## Task
From the first line to the last, set down the material exactly and drop every picture.

____________

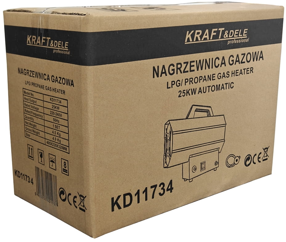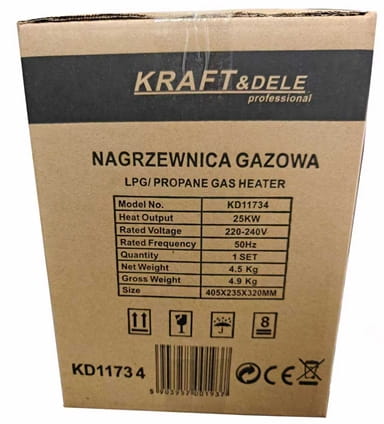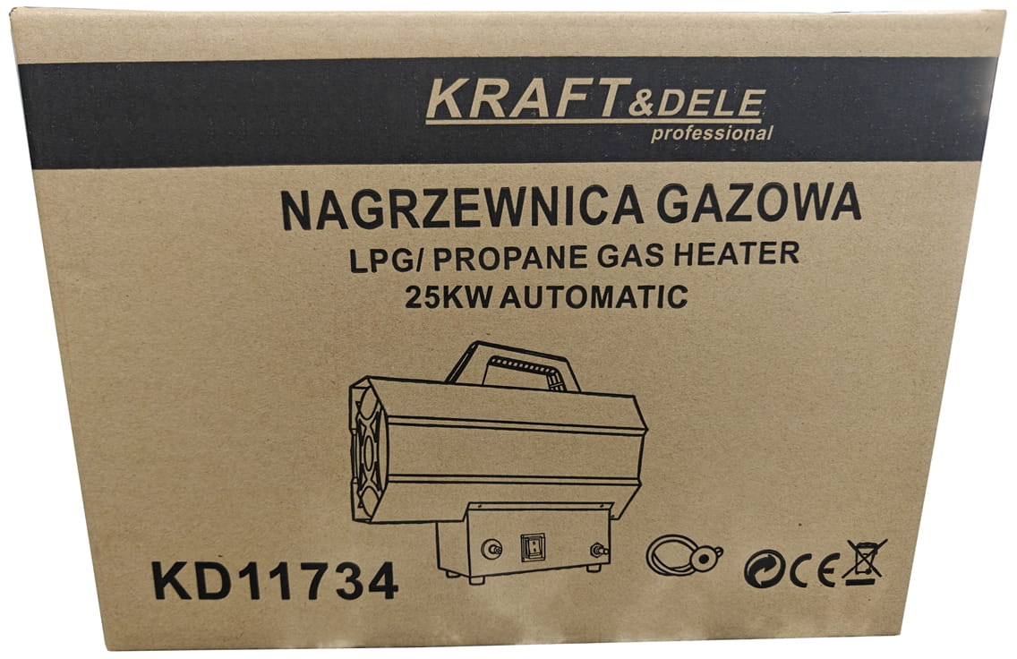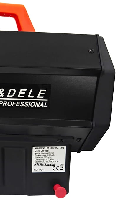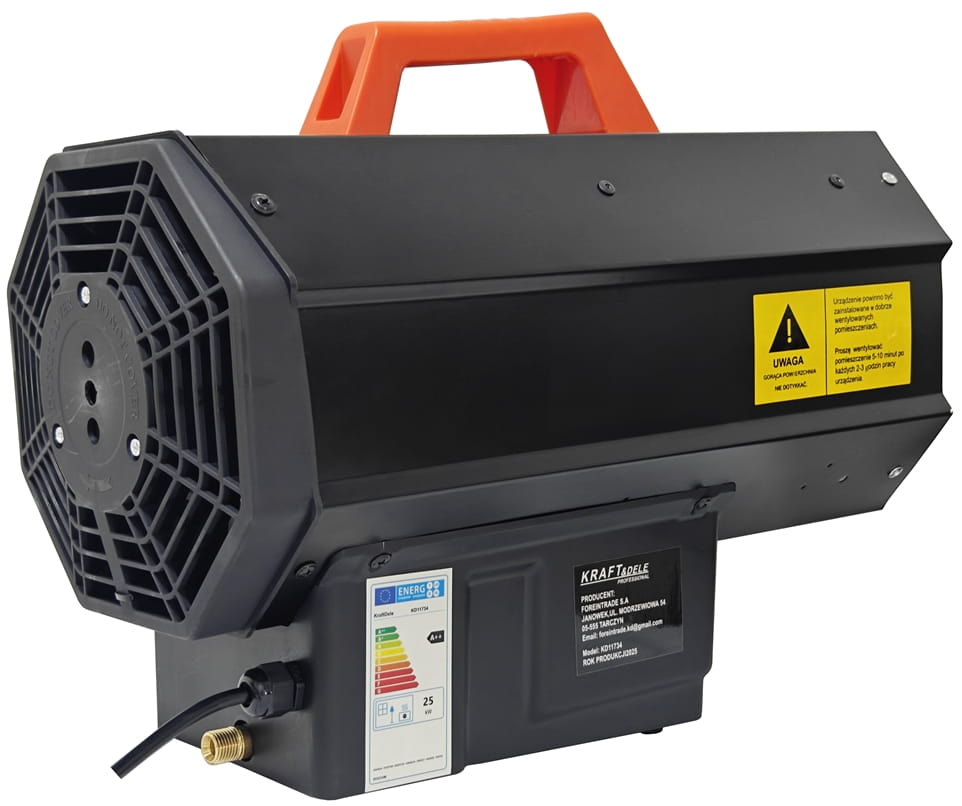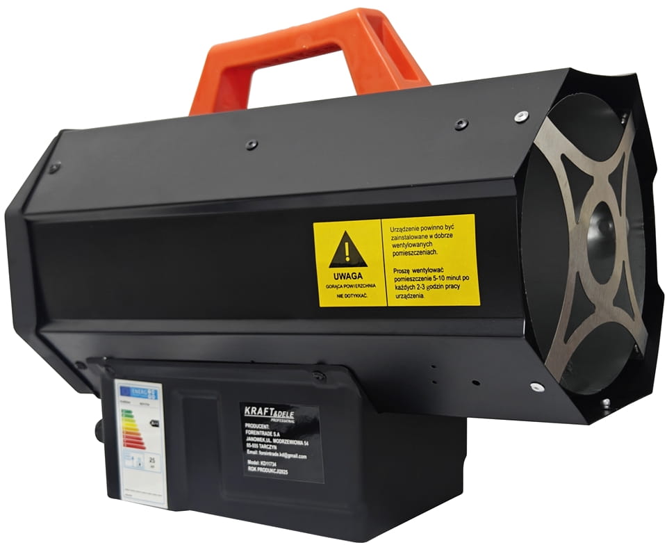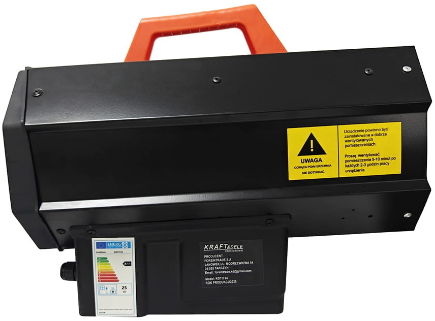Nagrzewnica KD11734 to urządzenie bezpośrednie — produkty spalania gazu (w tym para wodna i dwutlenek węgla) są odprowadzane bezpośrednio do ogrzewanego pomieszczenia. Użytkowanie wymaga zapewnienia stałej, wystarczającej wentylacji. Urządzenie nie nadaje się do pracy w szczelnie zamkniętych, małych pomieszczeniach mieszkalnych.
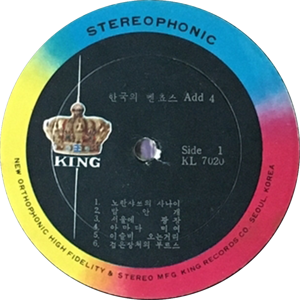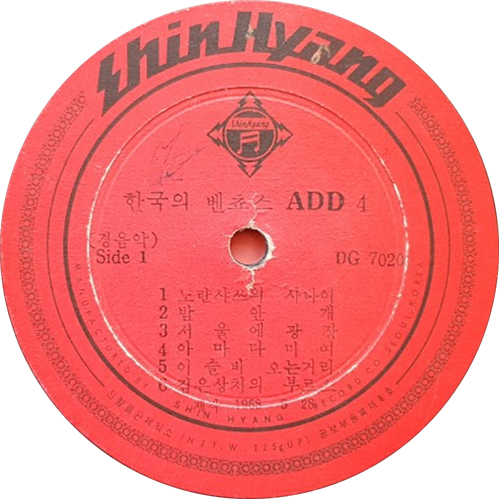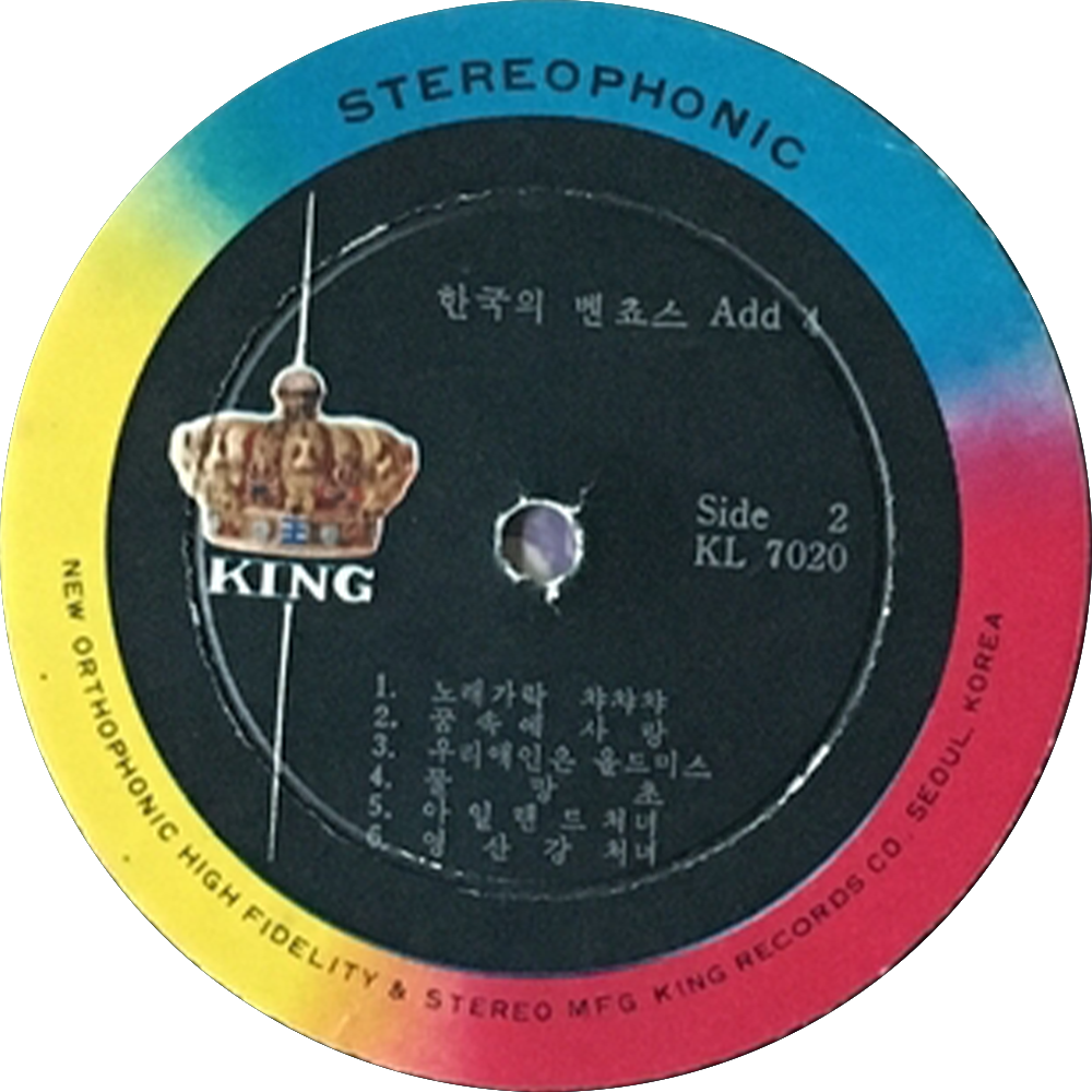 Label variation on the 1st pressings. Featured "Dae Ji" text on the label instead of the King Records logo. |
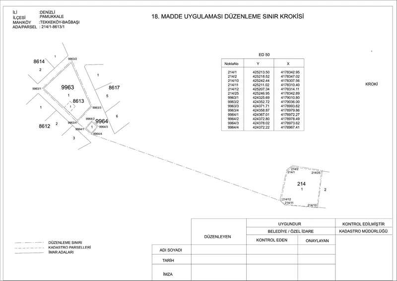 Pamukkale İlçesi'ne bağlı Bağbaşı Mahallesi 8613 ada 1 ve Tekkeköy Mahallesi 214 ada 1 numaralı parselleri kapsayan alanda bir arsa ve arazi düzenlemesi gerçekleştirilecek. Söz konusu düzenleme, ilgili yönetmelik hükümlerine uygun olarak Pamukkale Belediyesi Encümeni'nin 26 Kasım 2025 tarihli kararı ile kabul edildi. Daha sonra, 5216 sayılı Büyükşehir Belediyesi Kanunu gereğince Denizli Büyükşehir Belediyesi Encümeni'nin 11 Aralık 2025 tarihli kararı ile onaylandı.
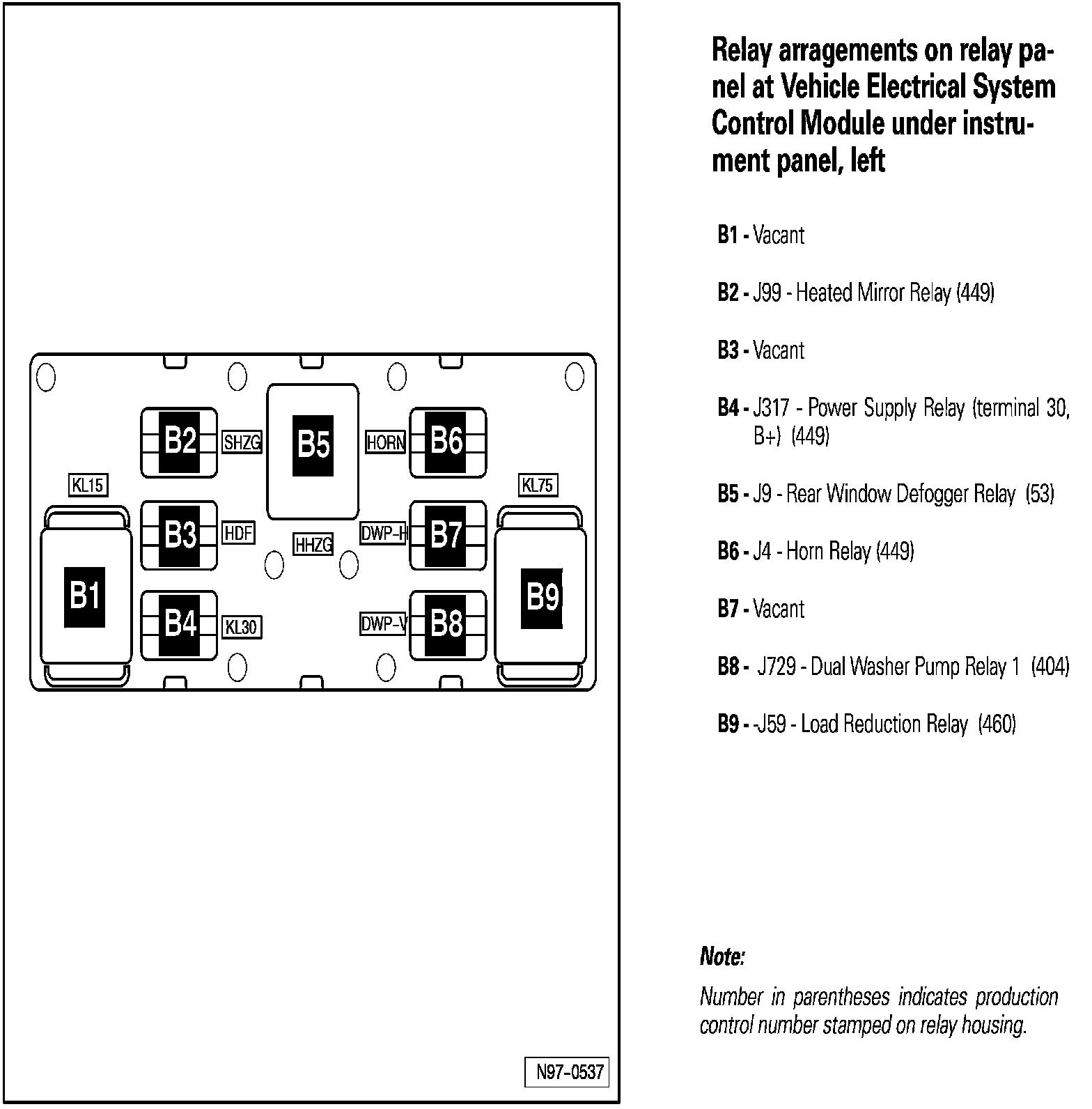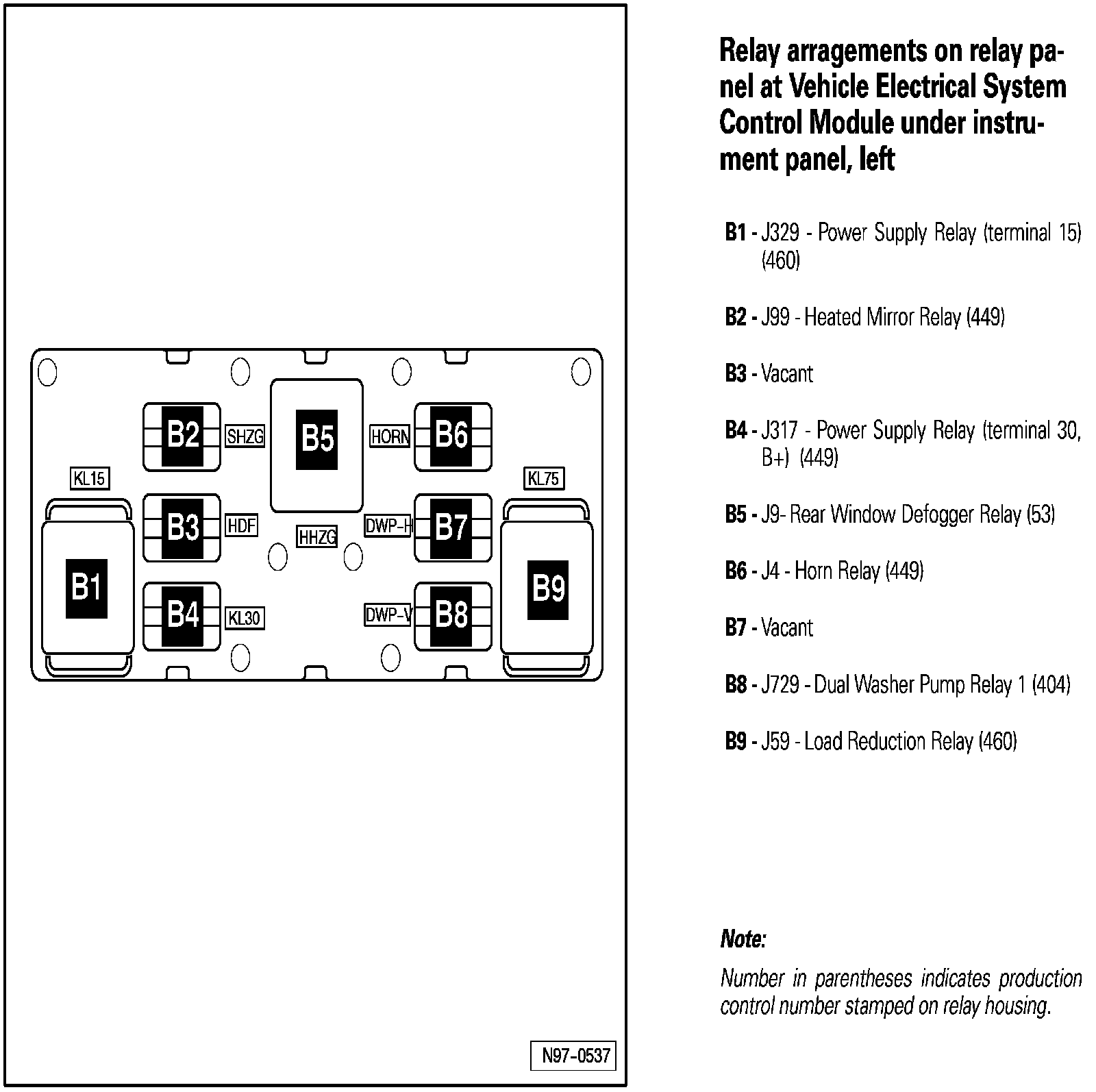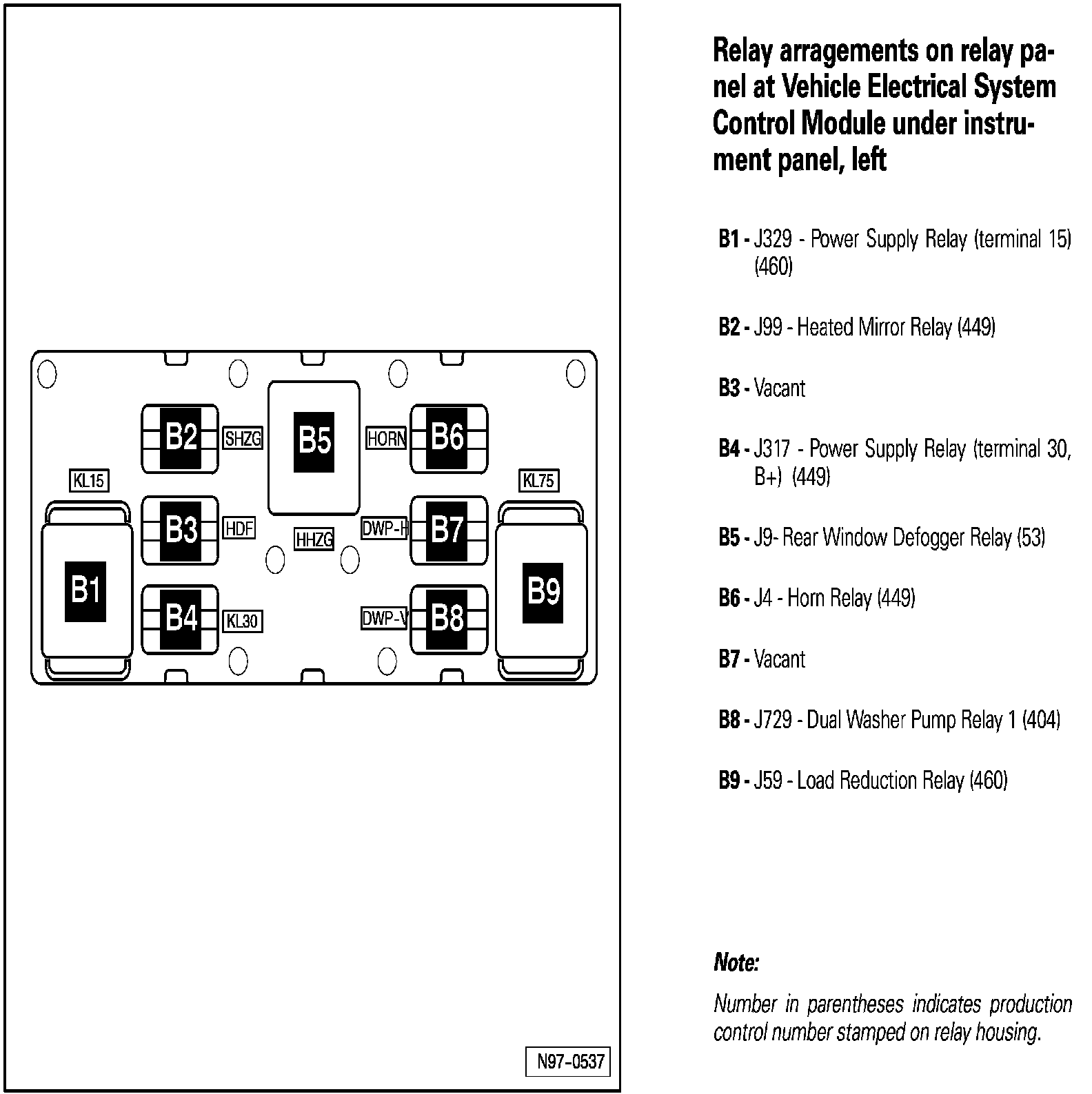 Relay Arrangements on Relay Panel At Vehicle Electrical System Control Module Under Instrument Panel, Left
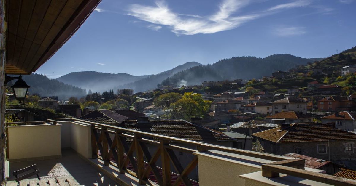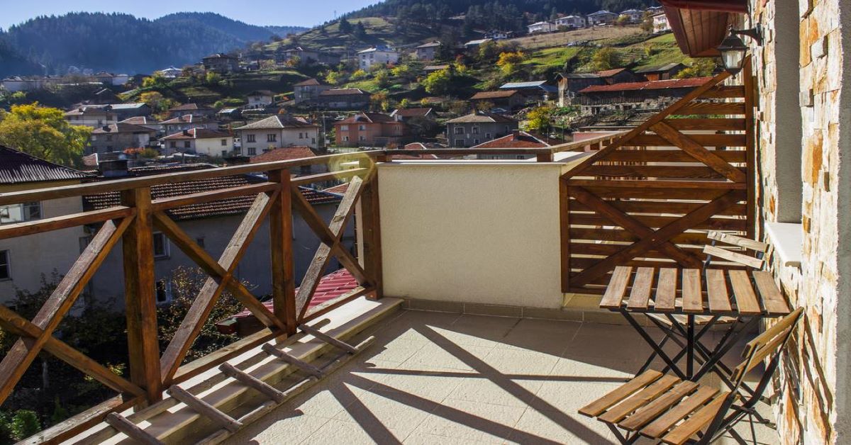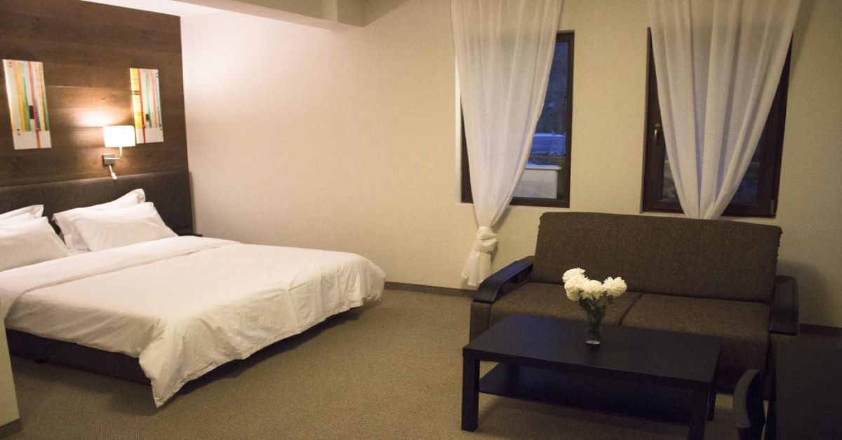 Студио - просторно помещение с двойно легло (180 см) и балкон с невероятна тристранна гледка към село Триград и планините наоколо, телевизор, сейф, баня с душ, минибар и разтегателен диван.

____________

## Answer section
Nagrzewnica KD11734 to urządzenie bezpośrednie — produkty spalania gazu (w tym para wodna i dwutlenek węgla) są odprowadzane bezpośrednio do ogrzewanego pomieszczenia. Użytkowanie wymaga zapewnienia stałej, wystarczającej wentylacji. Urządzenie nie nadaje się do pracy w szczelnie zamkniętych, małych pomieszczeniach mieszkalnych.
 Label variation on the 1st pressings. Featured "Dae Ji" text on the label instead of the King Records logo. |
 Pamukkale İlçesi'ne bağlı Bağbaşı Mahallesi 8613 ada 1 ve Tekkeköy Mahallesi 214 ada 1 numaralı parselleri kapsayan alanda bir arsa ve arazi düzenlemesi gerçekleştirilecek. Söz konusu düzenleme, ilgili yönetmelik hükümlerine uygun olarak Pamukkale Belediyesi Encümeni'nin 26 Kasım 2025 tarihli kararı ile kabul edildi. Daha sonra, 5216 sayılı Büyükşehir Belediyesi Kanunu gereğince Denizli Büyükşehir Belediyesi Encümeni'nin 11 Aralık 2025 tarihli kararı ile onaylandı.
 Relay Arrangements on Relay Panel At Vehicle Electrical System Control Module Under Instrument Panel, Left
 Студио - просторно помещение с двойно легло (180 см) и балкон с невероятна тристранна гледка към село Триград и планините наоколо, телевизор, сейф, баня с душ, минибар и разтегателен диван.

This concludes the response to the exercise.